Module VITAE.train
Functions
def clear_session()-
Clear Tensorflow sessions.
def warp_dataset(X_normalized, c_score, batch_size: int, X=None, scale_factor=None, conditions=None, pi_cov=None, seed=0)-
Get Tensorflow datasets.
Parameters
X_normalized:np.array- [N, G] The preprocessed data.
c_score:float, optional- The normalizing constant.
batch_size:int- The batch size.
X:np.array, optional- [N, G] The raw count data.
scale_factor:np.array, optional- [N, ] The raw count data.
seed:int, optional- The random seed for data shuffling.
conditions:strorlist, optional- The conditions of different cells
Returns
dataset:tf.Dataset- The Tensorflow Dataset object.
def pre_train(train_dataset, test_dataset, vae, learning_rate: float, L: int, alpha: float, gamma: float, phi: float, num_epoch: int, num_step_per_epoch: int, es_patience: int, es_tolerance: int, es_relative: bool, verbose: bool = True)-
Pretraining.
Parameters
train_dataset:tf.Dataset- The Tensorflow Dataset object.

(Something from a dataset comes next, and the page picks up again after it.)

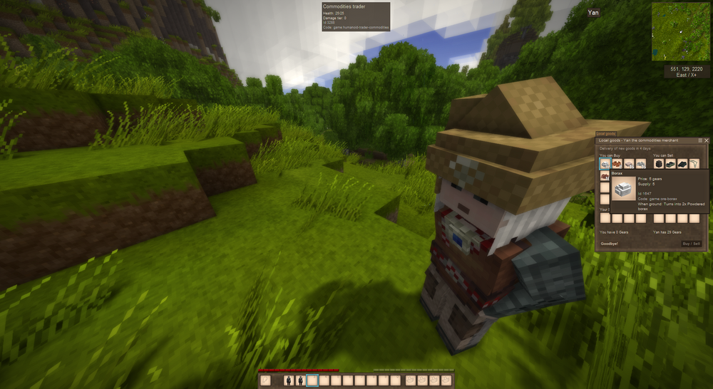 Just threw this together after a discussion with Solstin on his Discord. Since borax is so critical for progression (required for iron anvils and cementation coffin lids), it make sense to me that it would be available from a trader. Clothing traders will only ever have a couple in stock, for a couple gears each. The deal from the commodities trader is cheaper per piece but has a higher purchase price.

test_dataset:tf.Dataset- The Tensorflow Dataset object.
vae:VariationalAutoEncoder- The model.
learning_rate:float- The initial learning rate for the Adam optimizer.
L:int- The number of MC samples.
alpha:float, optional- The value of alpha in [0,1] to encourage covariate adjustment. Not used if there is no covariates.

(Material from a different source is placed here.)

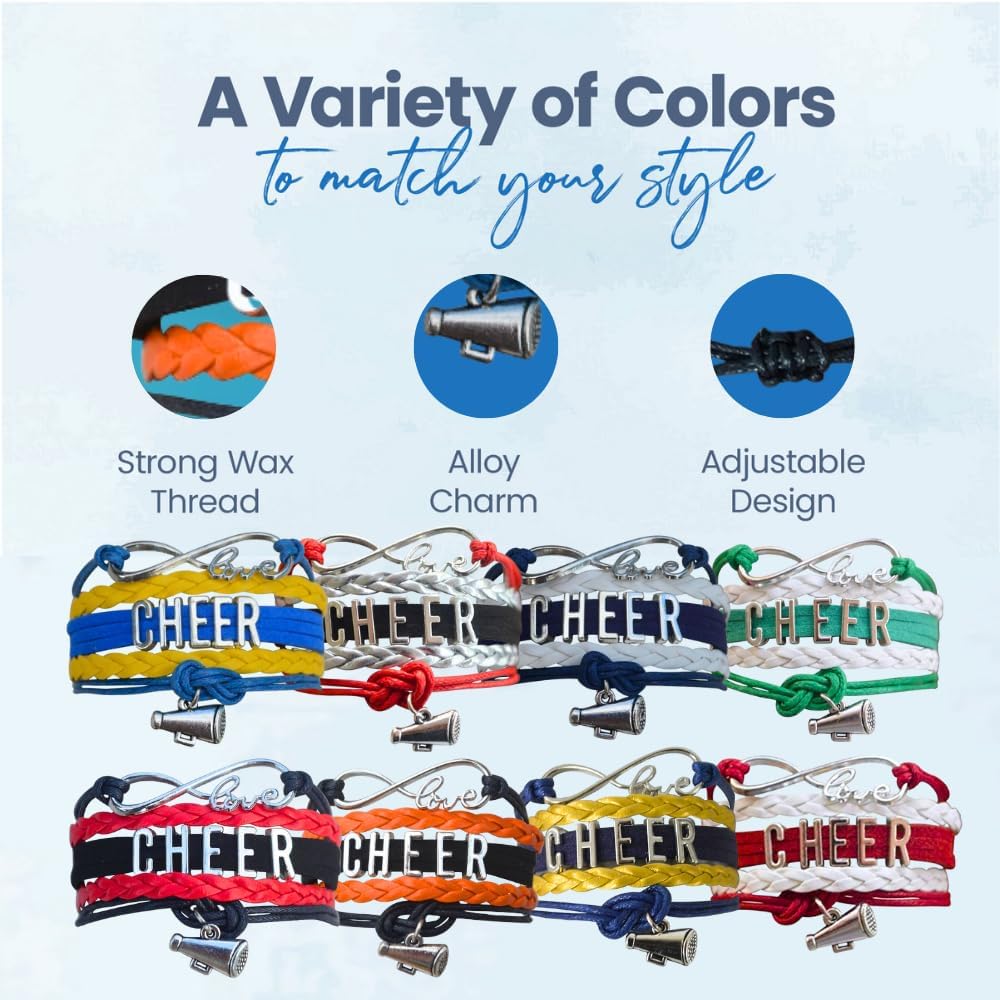 * CHEER GIFT- Looking for an inexpensive cheer gift to show your team spirit? Our Cheer Infinity bracelets come in over 20 team colors to make the Perfect Gift For Cheerleaders, Cheer Teams & Cheer Coaches for birthday, end of season, competition or just because

phi:float, optional- The weight of Jocob norm of the encoder.
num_epoch:int- The maximum number of epoches.
num_step_per_epoch:int- The number of step per epoch, it will be inferred from number of cells and batch size if it is None.
es_patience:int- The maximum number of epoches if there is no improvement.
es_tolerance:float- The minimum change of loss to be considered as an improvement.
es_relative:bool, optional- Whether monitor the relative change of loss or not.
es_warmup:int, optional- The number of warmup epoches.
conditions:strorlist- The conditions of different cells
Returns
vae:VariationalAutoEncoder- The pretrained model.
def train(train_dataset, test_dataset, vae, learning_rate: float, L: int, alpha: float, beta: float, gamma: float, phi: float, num_epoch: int, num_step_per_epoch: int, es_patience: int, es_tolerance: float, es_relative: bool, es_warmup: int, verbose: bool = False, pi_cov=None, **kwargs)-
Training.
Parameters
train_dataset:tf.Dataset- The Tensorflow Dataset object.
test_dataset:tf.Dataset- The Tensorflow Dataset object.
vae:VariationalAutoEncoder- The model.
learning_rate:float- The initial learning rate for the Adam optimizer.
L:int- The number of MC samples.
alpha:float- The value of alpha in [0,1] to encourage covariate adjustment. Not used if there is no covariates.
beta:float- The value of beta in beta-VAE.
gamma:float- The weight of mmd_loss.
phi:float- The weight of Jacob norm of the encoder.
num_epoch:int- The maximum number of epoches.
num_step_per_epoch:int- The number of step per epoch, it will be inferred from number of cells and batch size if it is None.
es_patience:int- The maximum number of epoches if there is no improvement.
es_tolerance:float, optional- The minimum change of loss to be considered as an improvement.
es_relative:bool, optional- Whether monitor the relative change of loss or not.
es_warmup:int- The number of warmup epoches.
**kwargs- Extra key-value arguments for dimension reduction algorithms.
Returns
vae:VariationalAutoEncoder- The trained model.